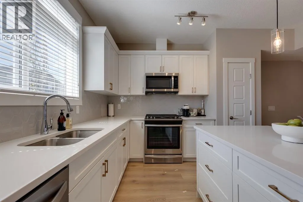 +"PublicRemarks": "With light pouring in from every angle, this impeccably designed 2020 constructed corner-unit townhouse feels fresh, bright and instantly inviting. In collaboration with a professional designer, every finish from the classic white kitchen to the quartz countertops was thoughtfully selected for timeless style and everyday comfort. The open concept main floor offers a spacious living space with room for a desk nook for working from home, a bright dining area for weeknight meals, and plenty of space to relax together. A stylish kitchen with stainless steel appliances including a French door fridge, and a striking tile backsplash beckons you to try out new recipes. Step outside to your private balcony for your morning coffee, evening grilling, or simply enjoying the fresh air, sheltered by a privacy wall. Upstairs, both bedrooms offer double closets and private ensuites, providing comfort and convenience for guests or a roommate. Laundry is neatly tucked into the upper hallway. The attached tandem double garage provides parking plus generous storage space for seasonal gear. With 9’ ceilings on the main floor, a neutral colour palette, and meticulous upkeep, this move-in ready home feels airy and welcoming. Located just minutes from the shopping at Cross Iron Mills, as well as grocery stores, restaurants and pubs. Enjoy quick access around the city from Stoney and Deerfoot Trail. There are pathways, parks, and playgrounds nearby to explore. This home blends convenience with lifestyle and is ideal for a first-time buyer, young couple, small family or busy professional. Book your private tour and see why this is the perfect fit. (id:62650)"
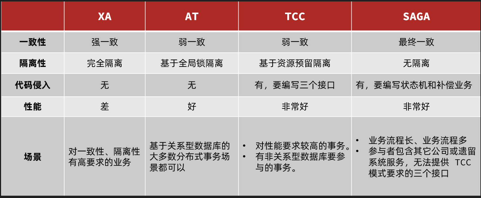 - XA模式一阶段不提交事务,锁定资源;AT模式一阶段直接提交,不锁定资源,性能好。
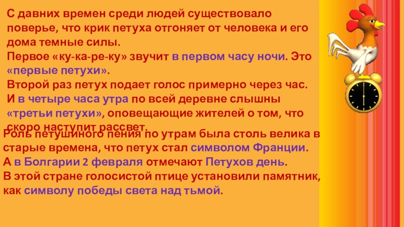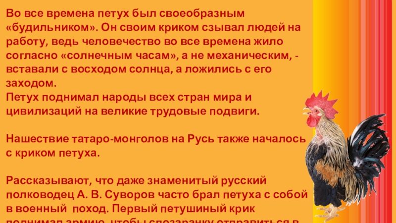 Слайд 5Во все времена петух был своеобразным «будильником». Он своим криком сзывал
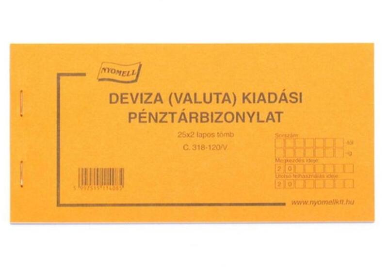 Deviza kiadási bizonylat. Fekvő, 25 lapos, 2 példányos. Minőségi belív, karton fedlap. Tartós tűzés, kiváló átírási képesség és perforáció.
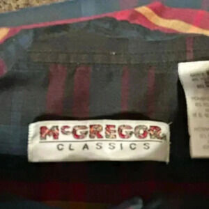 This McGREGOR button front shirt is a mens XL The shirt features a collared neckline, long sleeves with button cuffs, and a button-up closure. The multicolor grid stripes add a classic touch to the shirt, making it perfect for any occasion, whether it be for travel, party/cocktail, casual, workwear, or business.
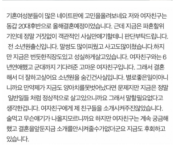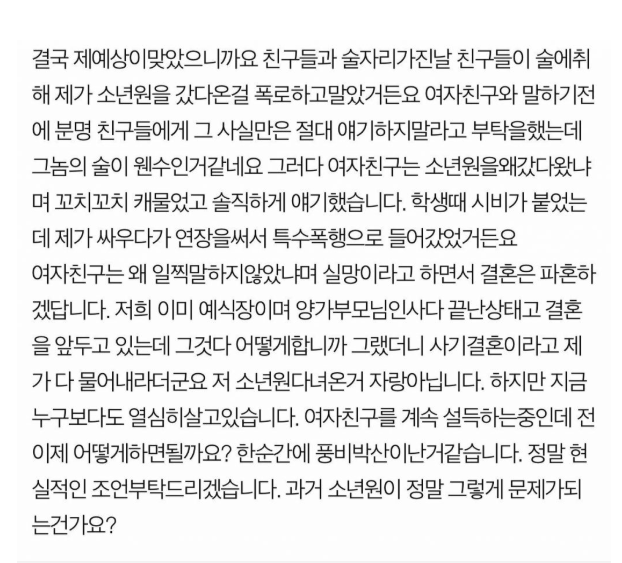 그래서 그는 여자친구와 결혼까지 생각하고 있는데 소년원을 다녀온 사실을 숨겼다고 한다.
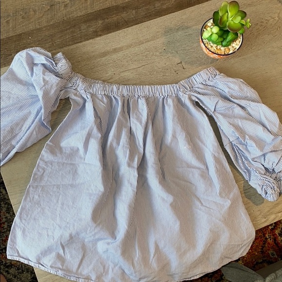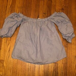 Off the shoulder with elastic chest and sleeves. Sleeves are a bit loose and ruffled.
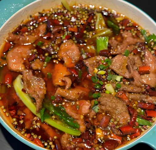 第三美食:水煮牛肉自贡的水煮牛肉讲究“猛、快、烈”。选用黄牛里脊,切得薄如纸,用淀粉上浆,在滚汤中烫熟,铺在豆芽上,最后泼上一勺滚烫的双椒油(海椒和花椒炼的油),“滋啦”一声,香气炸裂。推荐店: “盐邦食府”或者“飞虹鱼馆”,做得都很地道。特点: 牛肉滑嫩,配菜入味,超级下饭。
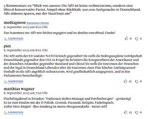 Bereits mit der Gründung der AfD kam es zum Vorwurf, die AfD sei nationalistisch und rechtsextrem. Mit jedem Wechsel zu einem neuen Vorsitzenden wurde die Vorzeit der Partei als gemäßigt charakterisiert, die anbrechende Zeit mit dem neuen Vorsitz sei ein weiterer Rechtsruck. Es würde immer schlimmer. Gleichzeitig kündigten die Altparteien an, die AfD inhaltlich stellen zu wollen. Was nicht mal ansatzweise umgesetzt wurde. Der Grund ist einfach. haben doch – nach meiner Schätzung – etwa 80% aller Wahlberechtigten ähnliche Ideen wie sie die AfD in ihren Programmen beschreibt. Was nicht weiter wundert. Stimmen diese Punkte doch im weitesten Sinn mit der Programmatik überein, die jeweils leicht modifiziert SPD, FDP und CDU/CSU noch Anfang der 2000-er Jahre vertrat, und die damals in Summe von um die 80% der Wähler gewählt wurden.
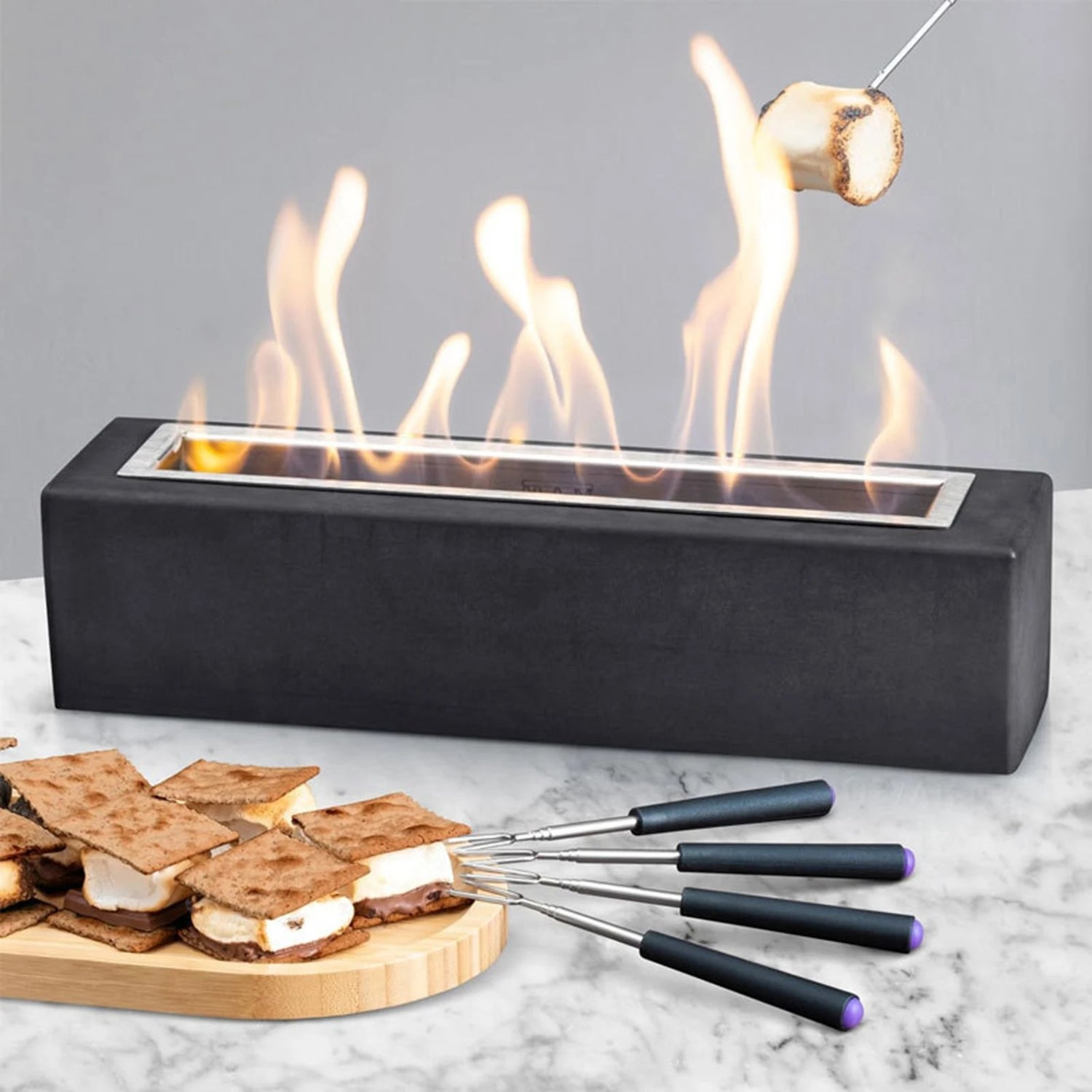 Dan is de FlameBox ™ perfect voor jou! Deze tafelhaard zorgt in slechts 60 seconden voor een sfeervol vuur. Vul hem met bio-ethanol, steek hem aan en geniet van rookvrije warmte zonder vervelende geurtjes! Hierdoor is het makkelijker dan ooit om die gezellige, warme sfeer in huis of tuin te creëren.
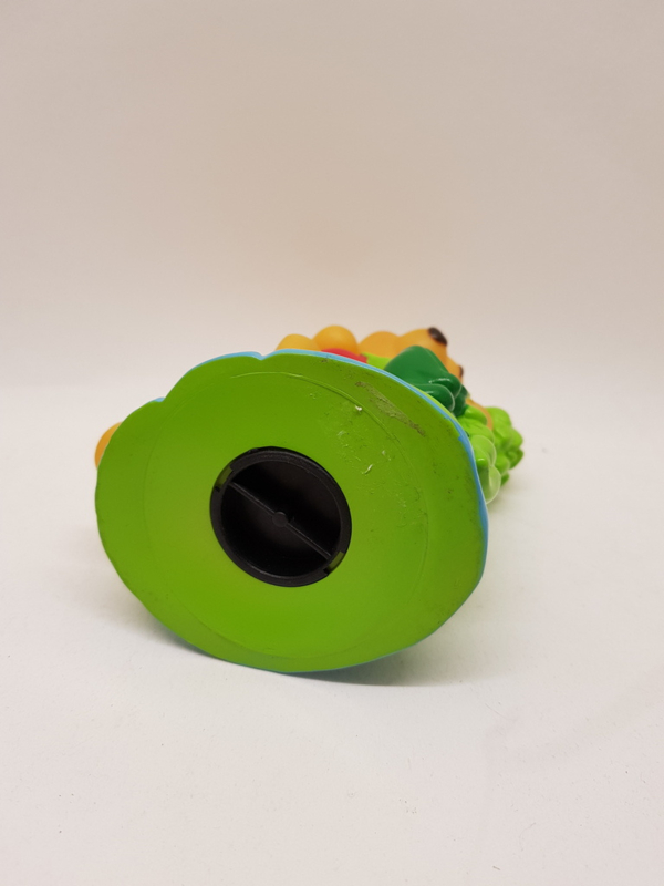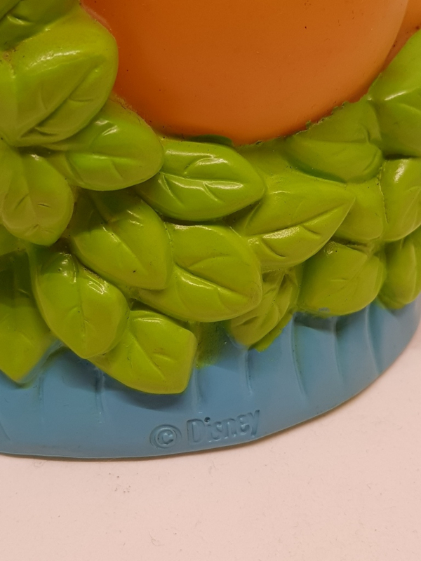 Schöne Vintage Disney Spardose aus Plastik, Winnie The Pooh spielt mit einem Frosch, sehr guter Zustand, nur der Boden ist etwas verschmutzt, 15 cm hoch.
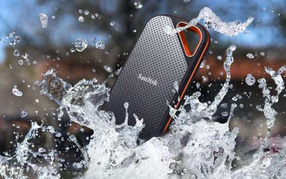 Passiamo adesso a un SSD esterno portatile davvero top di gamma. Stiamo parlando del SanDisk Extreme SSD da 1TB che presenta velocità incredibili: la tecnologia NVMe garantisce prestazioni con velocità di lettura fino a 1.050 MB/s e velocità di scrittura fino a 1.000 MB/s in un’unità di storage portatile ad alta capacità, perfetta per creare contenuti innovativi o girare riprese fantastiche. La struttura ha una resistenza alle cadute da massimo due metri e un indice di protezione IP55 contro acqua e polvere. Non manca la crittografia AEI 256 bit. Il tutto può essere vostro al prezzo di 139,99 euro invece di 260,99 euro grazie allo sconto del 46%.
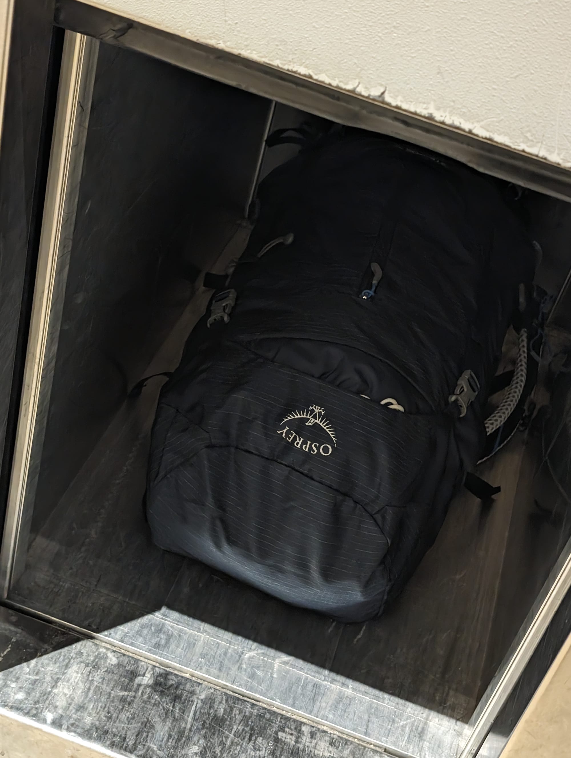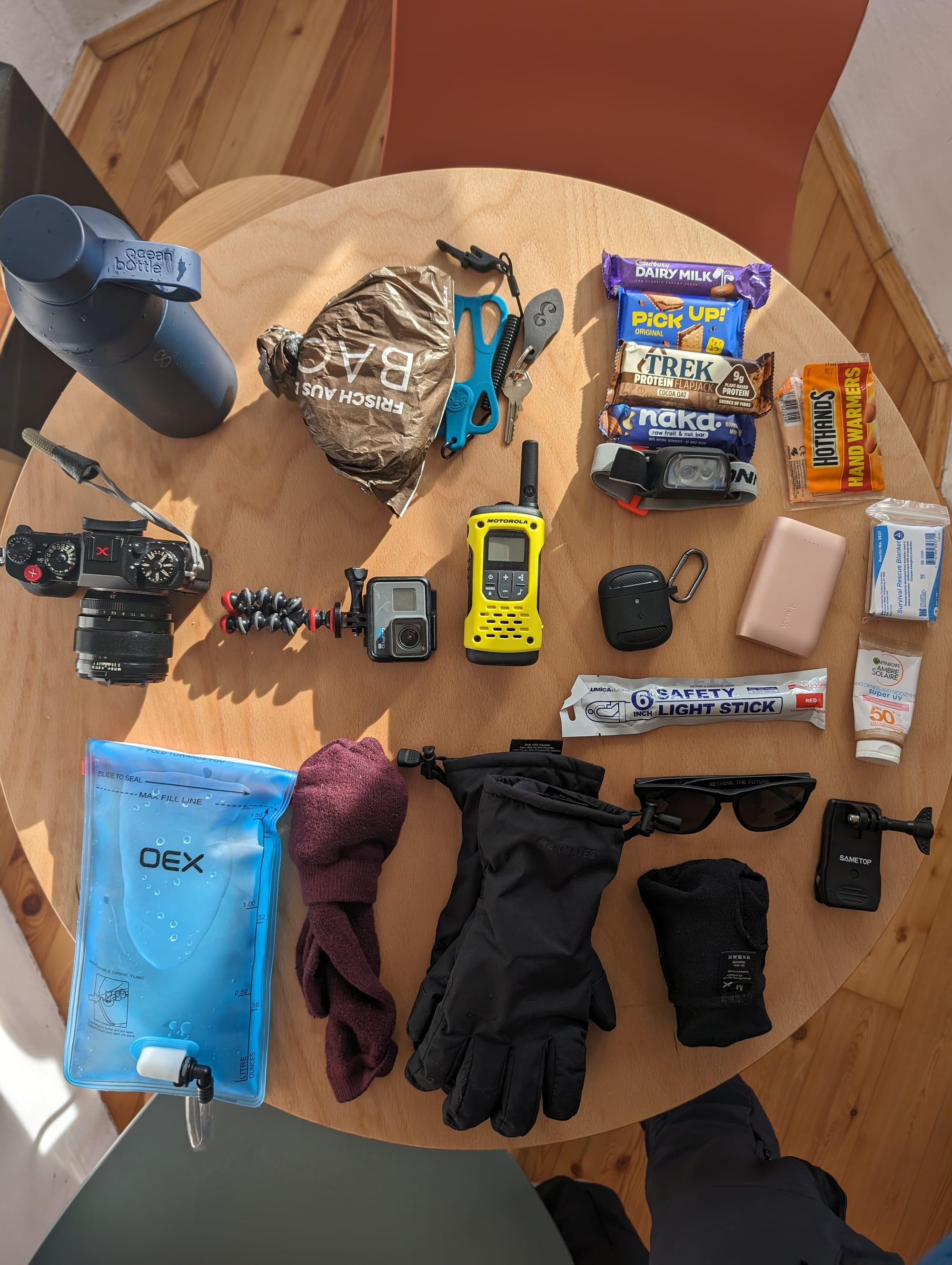 Included in the kit was; 4 different snacks + sandwich, a single walkie-talkie (good luck finding the logic), a glow stick, an emergency space blanket and a water bladder that started to freeze as I got into the sub-zero mountain ranges.
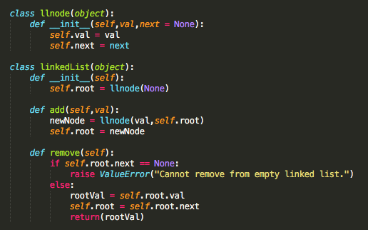 SWE: How do you implement a linked list in python, with add and remove methods?
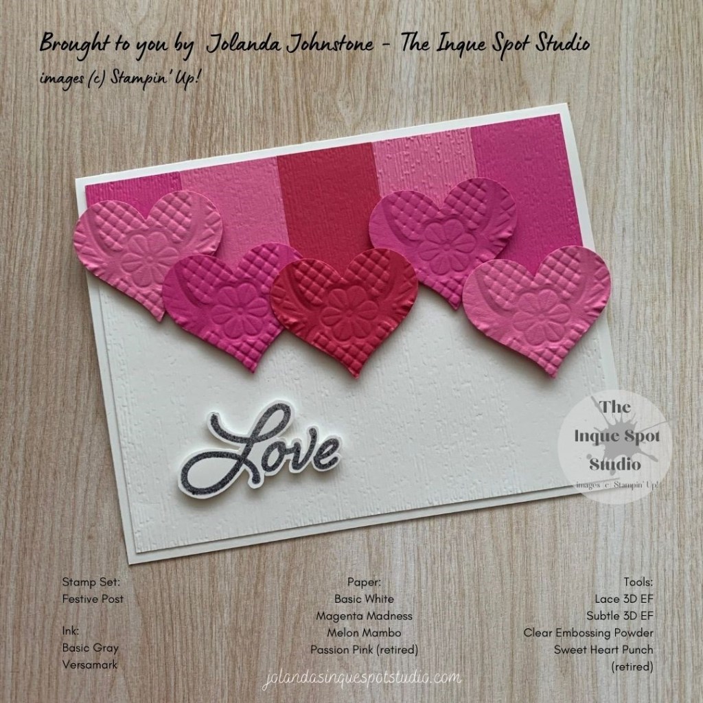Gorgeous, Jolanda! I love how you alternated the colors on the cascading hearts. The embossed detail is a great touch. Thank you so much for joining us this week over at The Paper Players!
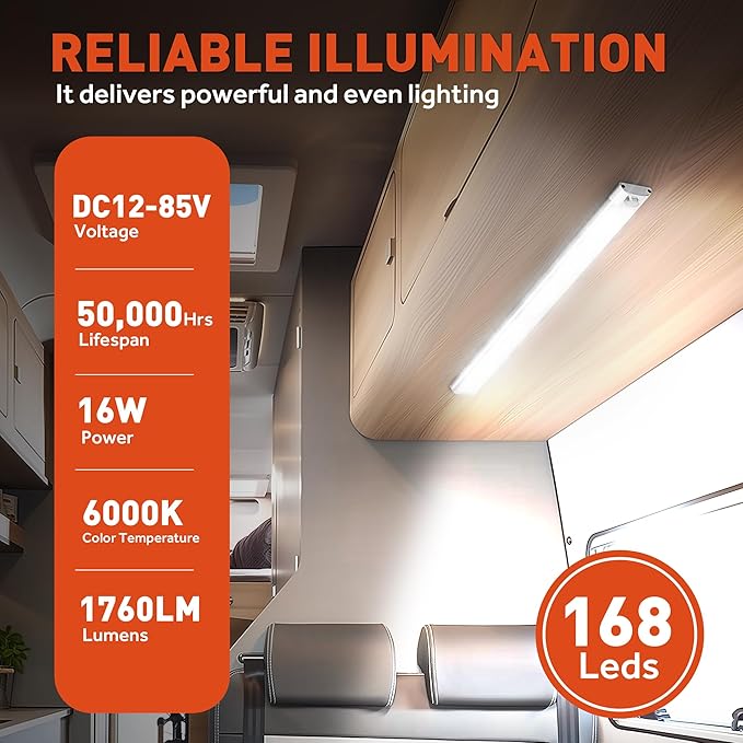 - 【Wide Application】This 12 v led light (168 high-brightness LEDs, 12V/16W) features a flexible design and 12V-85V wide voltage range, perfectly fitting cars, pickup trucks, SUVs, RVs and other common vehicles. As practical interior car lights and essential rv accessories for inside, it delivers ample illumination for camping trips, nighttime maintenance, on-road reading, emergencies and daily use—your reliable on-the-go lighting companion.
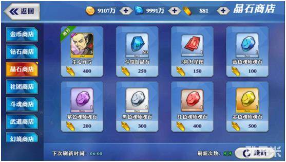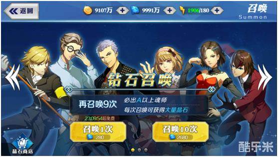 召唤一次的消耗其实并不高,但是十连抽的魅力太大,小编我玩《超燃斗魂》的时候都是先默默地攒钱直接去十连抽的,毕竟像我这样的“非洲脸”想单抽出A级以上的魂师实在是太难了……但是!!《超燃斗魂》中有一个很棒的设定:每一次的召唤都可以获得一定数量的晶石, 而晶石可以在“晶石商店”换取到魂师碎片以及斗铠和魂师升星的材料,是不是很划算呢?
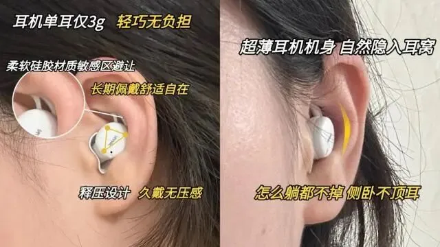 第二,佩戴要轻巧贴合,侧卧也不容易顶耳
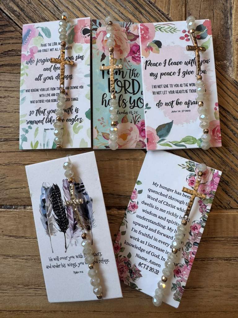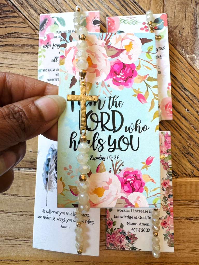 This Beige Hammered Cross Beaded Bracelet is more than just jewelry; it’s a symbol of faith, hope, and love. The rich off-white beads reflect the joy of the season, while the hammered gold cross serves as a gentle reminder of God’s everlasting presence. It is handcrafted with faceted green crystal beads, golden hammered detailing with cross charm centerpiece. It also includes a scripture prayer card with uplifting verses, making it perfect for Christmas, religious celebrations, or personal devotion. Whether worn daily or kept as a keepsake, it offers encouragement, strength, and a reminder of God’s promises.
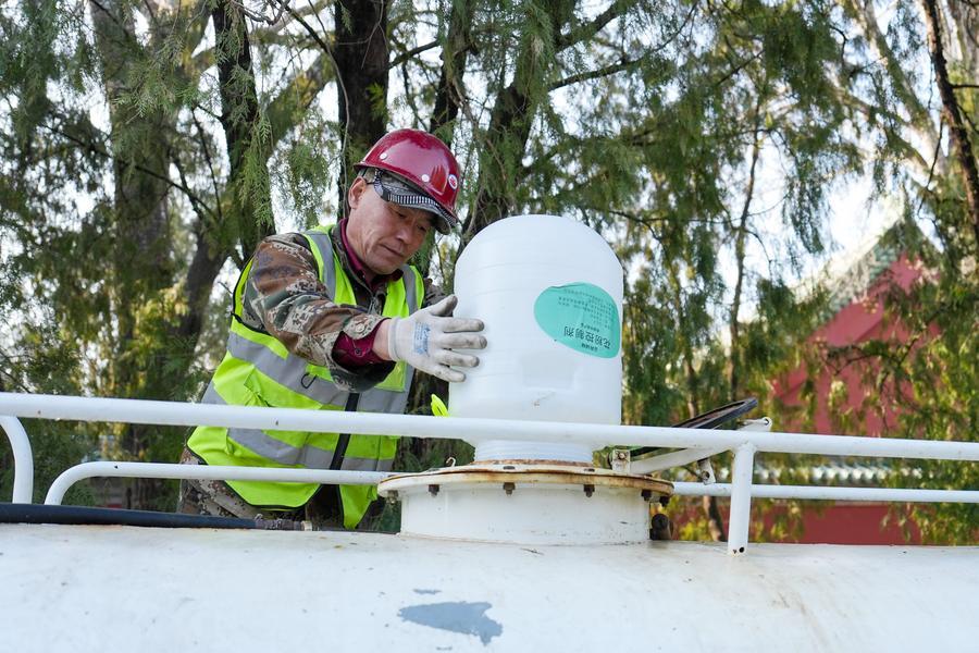 15日、北京市の地壇公園で、散水車に花粉制御剤を入れる職員。(北京=新華社記者/鞠煥宗)
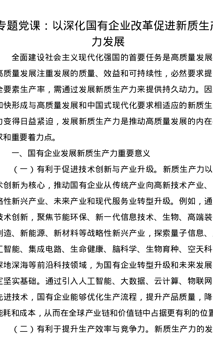 专题党课讲稿:以深化国有企业改革促进新质生产力发展
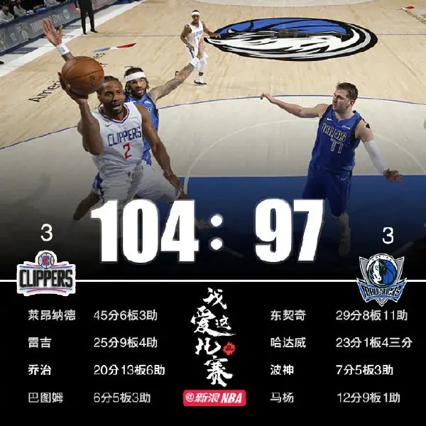 于是快船赢了,104-97击败独行侠,系列赛进入抢七,也是今年季后赛首轮唯一抢七,将在北京时间下周一凌晨3点半开战!
....
▸ What the exercise asks: Everything from the first line of the entries through the line that contains "Deviza kiadási bizonylat." is to be reproduced exactly, except the pictures.

▸ Exercise answer:
 +"PublicRemarks": "With light pouring in from every angle, this impeccably designed 2020 constructed corner-unit townhouse feels fresh, bright and instantly inviting. In collaboration with a professional designer, every finish from the classic white kitchen to the quartz countertops was thoughtfully selected for timeless style and everyday comfort. The open concept main floor offers a spacious living space with room for a desk nook for working from home, a bright dining area for weeknight meals, and plenty of space to relax together. A stylish kitchen with stainless steel appliances including a French door fridge, and a striking tile backsplash beckons you to try out new recipes. Step outside to your private balcony for your morning coffee, evening grilling, or simply enjoying the fresh air, sheltered by a privacy wall. Upstairs, both bedrooms offer double closets and private ensuites, providing comfort and convenience for guests or a roommate. Laundry is neatly tucked into the upper hallway. The attached tandem double garage provides parking plus generous storage space for seasonal gear. With 9’ ceilings on the main floor, a neutral colour palette, and meticulous upkeep, this move-in ready home feels airy and welcoming. Located just minutes from the shopping at Cross Iron Mills, as well as grocery stores, restaurants and pubs. Enjoy quick access around the city from Stoney and Deerfoot Trail. There are pathways, parks, and playgrounds nearby to explore. This home blends convenience with lifestyle and is ideal for a first-time buyer, young couple, small family or busy professional. Book your private tour and see why this is the perfect fit. (id:62650)"
 - XA模式一阶段不提交事务,锁定资源;AT模式一阶段直接提交,不锁定资源,性能好。
 Слайд 5Во все времена петух был своеобразным «будильником». Он своим криком сзывал
 Deviza kiadási bizonylat. Fekvő, 25 lapos, 2 példányos. Minőségi belív, karton fedlap. Tartós tűzés, kiváló átírási képesség és perforáció.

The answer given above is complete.